Okinawa residents protested Tuesday following the crash of a U.S. military helicopter the previous day in the southern Japan prefecture, calling for the suspension of exercises by U.S. forces and the removal of military bases.
About 200 protesters gathered in front of a gate at the U.S. Marine Corps' Futenma Air Station in Ginowan following the crash on Monday of the HH-60 rescue helicopter in a mountainous area within the Marines' Camp Hansen, about 2 kilometers from a residential area outside the base.
Ryokichi Chinen, 74, from the town of Chatan in Okinawa, said the U.S. forces "leave people's lives on a back burner and give priority to military training."
Chinen, who survived a ground battle in Okinawa in the final days of World War II in 1945 when he was 6 years old, said training flights by U.S. fighter jets near his home reminded him of a strafing run during the war.
"U.S. military aircraft crashes could occur anytime. The military bases should be removed," he said. Okinawa hosts the bulk of U.S. military bases in Japan.
Okinawa Gov. Hirokazu Nakaima urged the Japanese government Tuesday afternoon to ensure safe operations of U.S. military aircraft and to work to prevent similar incidents. He met with Defense Minister Itsunori Onodera and Foreign Minister Fumio Kishida in Tokyo.
Atsushi Toma, mayor of Ginoza village, which hosts part of Camp Hansen where the accident occurred, urged the head of the Japanese Defense Ministry's Okinawa branch to try to prevent such accidents and to clarify the cause of the crash.
Hirofumi Takeda, chief of the Okinawa Defense Bureau, told Toma it is "regrettable" that the accident occurred despite Tokyo's request to the United States to ensure the safety of military flight operations.
The Ginoza village assembly unanimously adopted Tuesday a resolution demanding that U.S. Ambassador to Japan John Roos and U.S. forces in Japan stop helicopter training flights immediately.
"Similar accidents have occurred in the village in the past. We strongly protest at the danger faced by villagers," the resolution said.
Meanwhile, three officials of Ginoza, Okinawa, and two subcontractor workers entered Camp Hansen on Tuesday to examine if the crash had affected a nearby dam, the source of drinking water for the village, after the U.S. forces gave approval for the inspection.
In the crash that occurred at around 4 p.m. Monday, three of the four crew members aboard the helicopter were confirmed safe but one remains unaccounted for, according to Japan's Defense Ministry.
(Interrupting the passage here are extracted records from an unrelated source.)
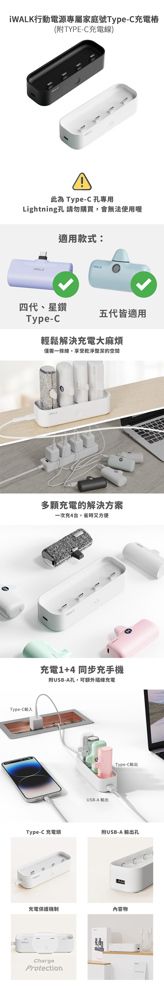 ■ 齊充四顆IWALK,只要一個裝置就能搞定 ■ 10W充電功率,約2小時可充飽電 ■ 可外接USB-A線,提供額外設備充電 ■ 外觀簡約設計,百搭居家配置 ■ 充電保護機制 ■ 附TYPE-C充電線 ※注意:此款式僅適用Type-C充電接口 ※如欲充iWALK TWINS雙頭直插式行動電源,需拔除保護套充電
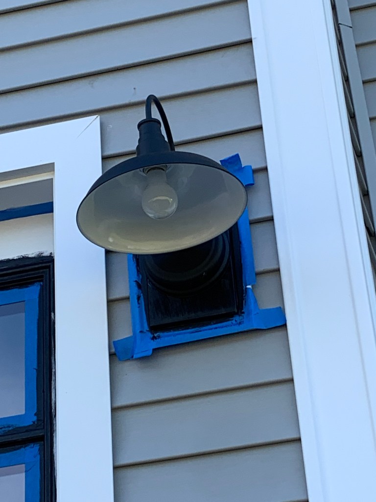 Once we had the garage painted, I still felt like something was missing, I told Cruz we needed to paint the back panels of the light fixtures to mimic the square shape that is so dominant on the front of the house. The circle lights and their circle mounts didnโt look good.
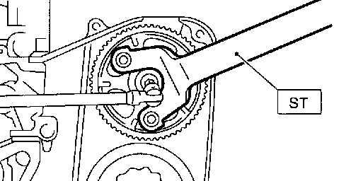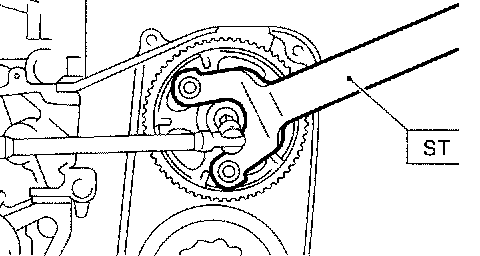8) Remove the left-hand camshaft sprockets by using ST.
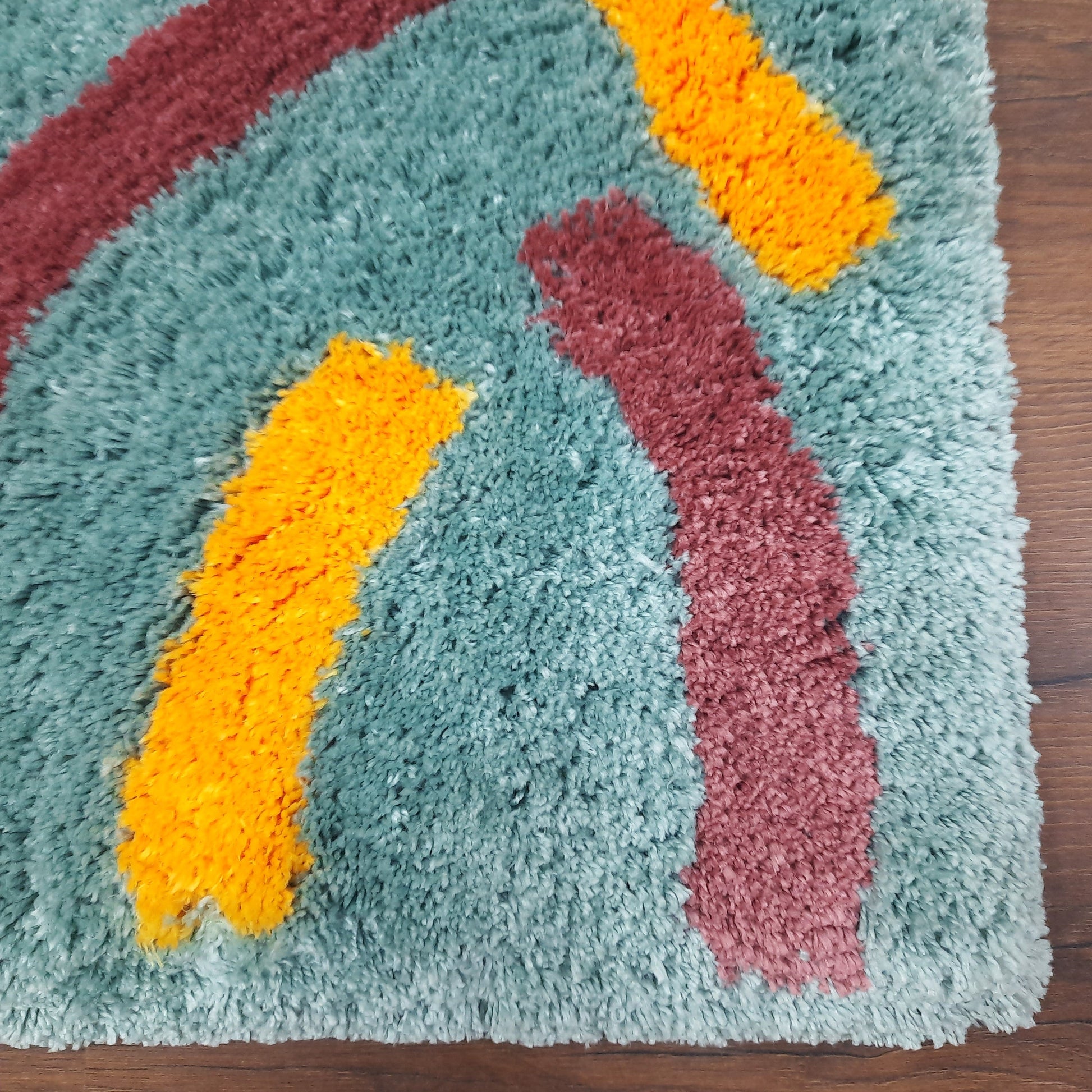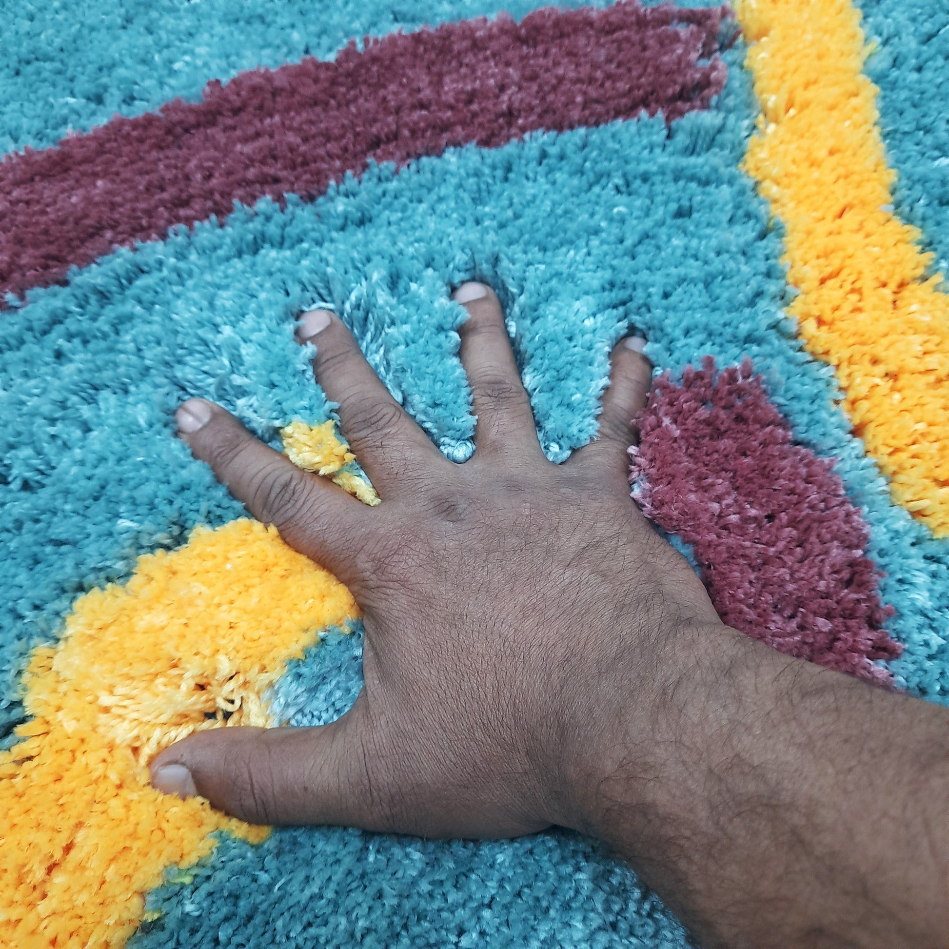 Plush Premium Shaggy Aqua Blue Base & Multi Colour With Modern Design /Bedside Runners by Avioni Home

The U.S. Kadena Air Base, where the crashed HH-60 helicopter was based, said Tuesday human remains had been discovered at the crash site but that they have yet to identify the body. The three crew members recovered Monday are all in stable condition and have received appropriate medical care for their injuries, it added.
The 18th Wing Public Affairs of the air base said the Wing leadership has suspended flying activities for Tuesday except for operationally required missions and that flight operations for fixed-wing aircraft are scheduled to resume Wednesday.
It is not yet known when the rescue squadron involving HH-60 helicopters will resume flying, according to the base.
A U.S. military helicopter poured water Tuesday morning over the mountainous area where the chopper crashed and fire trucks and ambulances of the U.S. forces were seen at a gate at Camp Hansen.
In front of the Futenma gate, Okinawa residents have been holding a rally daily to protest at the additional deployment of MV-22 tilt-rotor Osprey aircraft to the Futenma base due to the poor safety record of the model.
After the crash of the HH-60 helicopter, U.S. Marines said Monday they would postpone the deployment of 10 more Osprey transport aircraft to the Futenma facility for the time being.
Ginoza Mayor Toma and Naha Mayor Takeshi Onaga called for the suspension of the Osprey deployment to the Futenma base.
"Okinawa residents are opposed to the deployment. Can't they make their voices heard unless an accident happens?" said Toma.
Toshiyasu Shiroma, mayor of Haebaru town in Okinawa, said he will go to Tokyo with other municipality heads in the prefecture to protest at the chopper crash and the planned additional Osprey deployment in Futenma at the foreign and defense ministries.
At present, 14 Ospreys are deployed at the Futenma base to replace aging CH-46 helicopters. The 10 remaining aircraft that can take off and land like a helicopter and fly like an airplane are temporarily stationed at Iwakuni Air Station in Yamaguchi Prefecture.
Yamaguchi Gov. Shigetaro Yamamoto told a press conference Tuesday that the western Japan prefecture hosting a U.S. military base believes the chopper crash was "a grave accident."
The governor said it "can't be helped" if the Ospreys stay at the Iwakuni base longer than expected so that the U.S. forces can investigate the cause of the chopper crash.